Signs of financial capital
Financial resources and capital are interrelated. Proceeding from this, several signs of the financial capital of the organization are singled out.
Affiliation
Here capital differs in its own andloan. By own capital, you can judge the total cost of the enterprise's funds (which are subject to the ownership rights of the enterprise). It includes reserve, additional, authorized capital and retained earnings.
Statutory, or stock capital - isThe minimum size of own property, which is a guarantee for creditors. Its size is stipulated in the charter of the organization (the minimum is set at the level of federal legislation).
Additional capital consists of a revaluation amountobjects of tangible property of the enterprise, the useful life of which is more than a year. Also in this capital are gratuitous values received by the firm, amounts earned in excess of the minimum value of placed securities and other monetary amounts falling under this category.
Reserve capital is the accumulation of profit from a deduction of profits for an unforeseen event: possible losses, repurchase of shares, etc. The amount of deductions is regulated by the articles of association.
Financial capital is the profit of an enterprise, which is practically the most basic part of it.
Borrowed capital - cash or other valuables that are raised on a returnable basis to improve the organization’s activities.
Investing
On the basis of investment distinguish circulating and fixed capital.
Part of the capital invested in fixed assets and non-current assets, and is fixed capital. Financial capital includes working capital.

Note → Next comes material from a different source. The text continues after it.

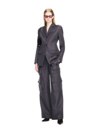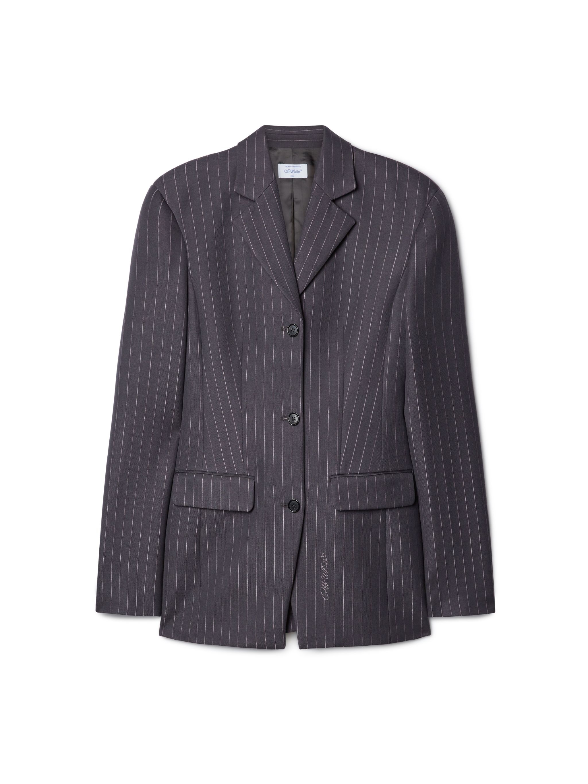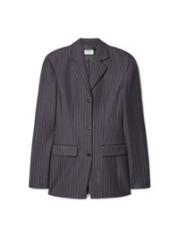 This fitted pinstripe jacket is crafted from a wool blend and features a small script logo. Made in Italy. MATERIALS 80% Virgin Wool 20% Polyester FITTING Model Sarah Ferguson wears 38 Height: 5' 10.5'' (179 cm) Chest: 31'' (79 cm) Waist: 23” (60 cm) Hips: 35'' (89 cm)

All tangible and intangible assets,Organizations that are part of the financial capital are in constant circulation. On this basis, it is possible to divide it by the form of its location in the next round of turnover. It is a monetary form, productive and commodity.
Money form is an investment. Investments can be both in out-and current assets. In any case, they become productive.
At the production stage, capital changes into the form of a commodity (work, service).
The third and final stage - commodity capital is transformed into monetary capital through the sale of goods (services or works).
In parallel with these movements of capital, its value changes.
Financial Capital Management
This function usually lies with the management department.enterprises and means managing their own financial flows. To do this, the organization must have a long and short-term financial policy. Its main focus should be the attraction and proper distribution of financial flows.
Financial capital management is designed to solve several basic problems.
- Determination of the rationally required amount of equity capital.
- Attracting (if necessary) retained earnings or issuing shares to increase equity.
- Formulation and execution of dividend policy and structure of additional share issue.
The development of financial policy takes place in several stages.